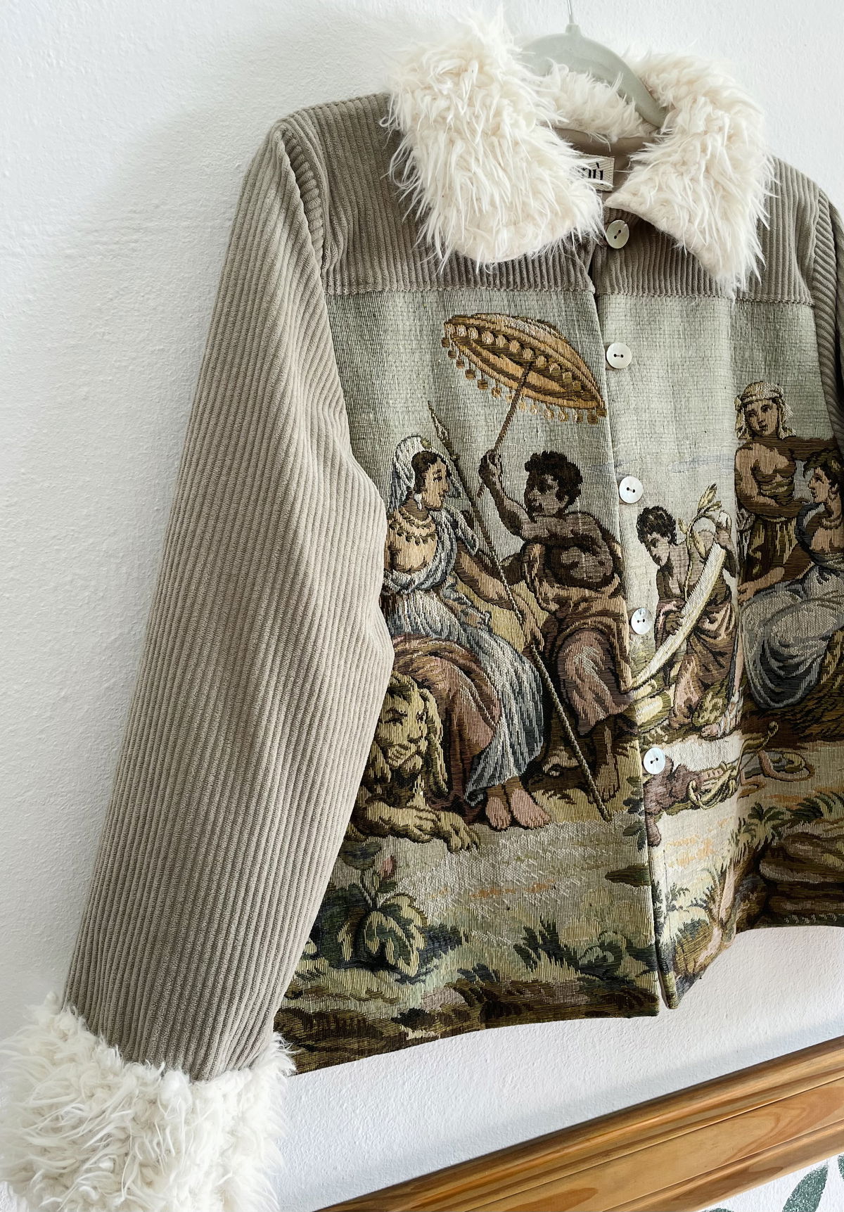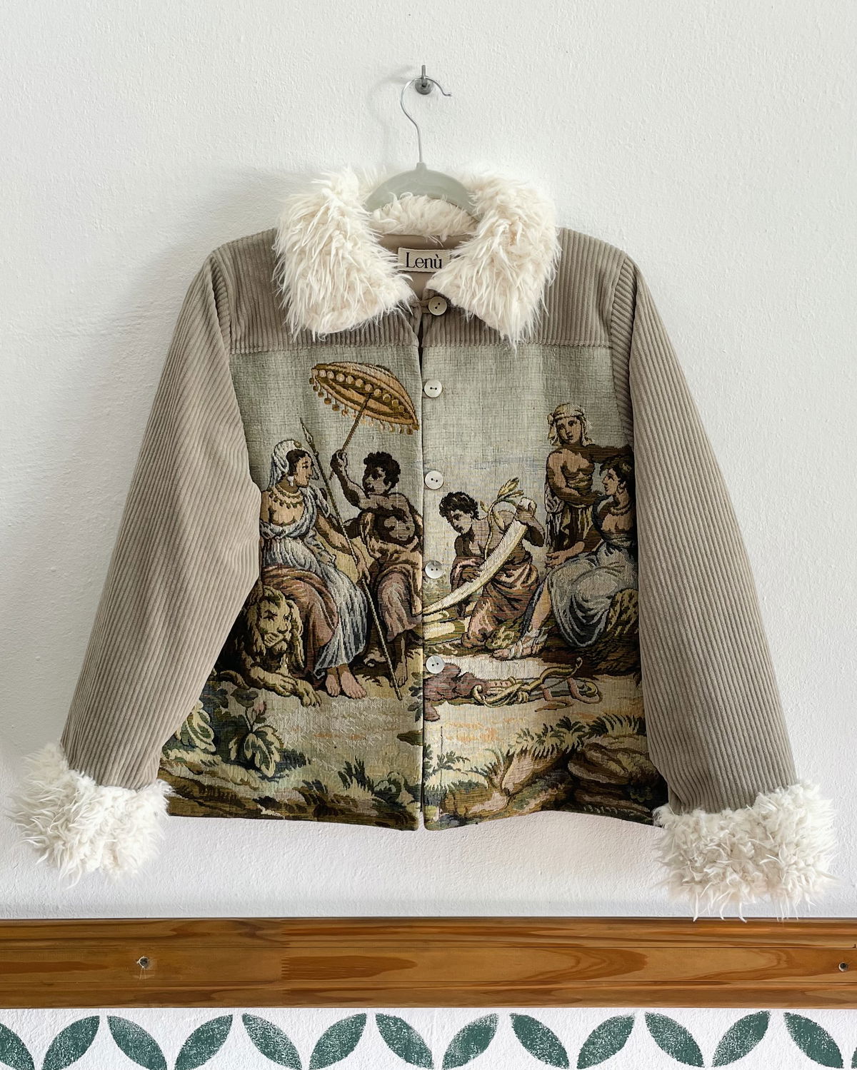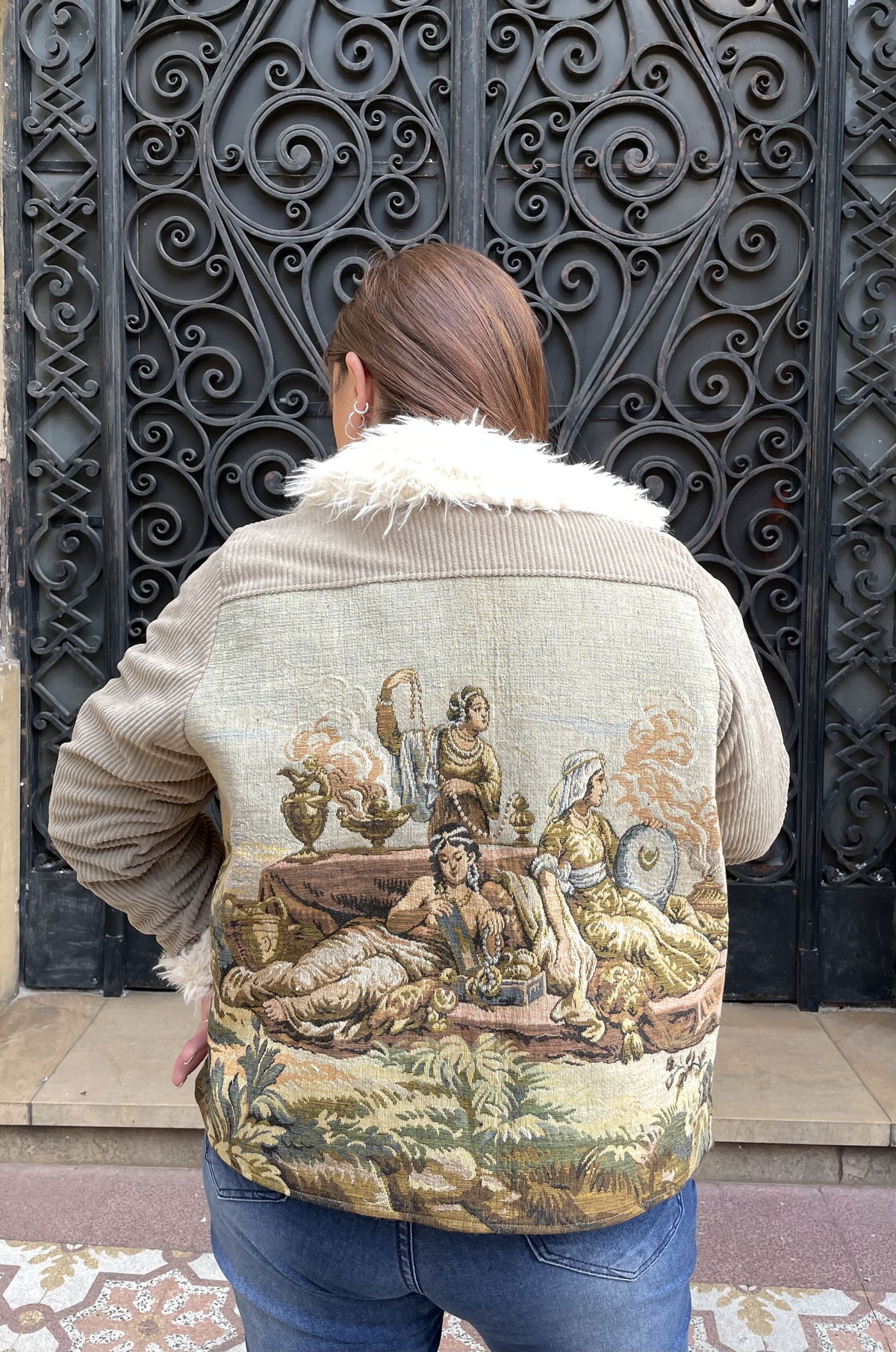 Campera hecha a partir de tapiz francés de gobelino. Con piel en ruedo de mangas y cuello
+ + + + +
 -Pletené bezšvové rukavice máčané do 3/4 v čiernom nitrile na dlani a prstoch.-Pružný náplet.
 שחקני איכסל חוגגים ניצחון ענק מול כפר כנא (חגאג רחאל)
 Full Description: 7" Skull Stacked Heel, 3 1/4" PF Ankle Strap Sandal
+ + + + +
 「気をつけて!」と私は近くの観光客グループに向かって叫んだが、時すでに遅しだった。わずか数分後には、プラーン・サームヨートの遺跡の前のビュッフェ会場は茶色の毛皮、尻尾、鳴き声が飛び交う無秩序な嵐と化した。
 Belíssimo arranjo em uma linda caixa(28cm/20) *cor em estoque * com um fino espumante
+ + + + +
Exercise aim
Starting with the line that holds "-Pletené bezšvové rukavice" and ending with the line that holds "Ankle Strap Sandal", retype every line in the data above exactly, and nothing else.

Problem solution
 -Pletené bezšvové rukavice máčané do 3/4 v čiernom nitrile na dlani a prstoch.-Pružný náplet.
 שחקני איכסל חוגגים ניצחון ענק מול כפר כנא (חגאג רחאל)
 Full Description: 7" Skull Stacked Heel, 3 1/4" PF Ankle Strap Sandal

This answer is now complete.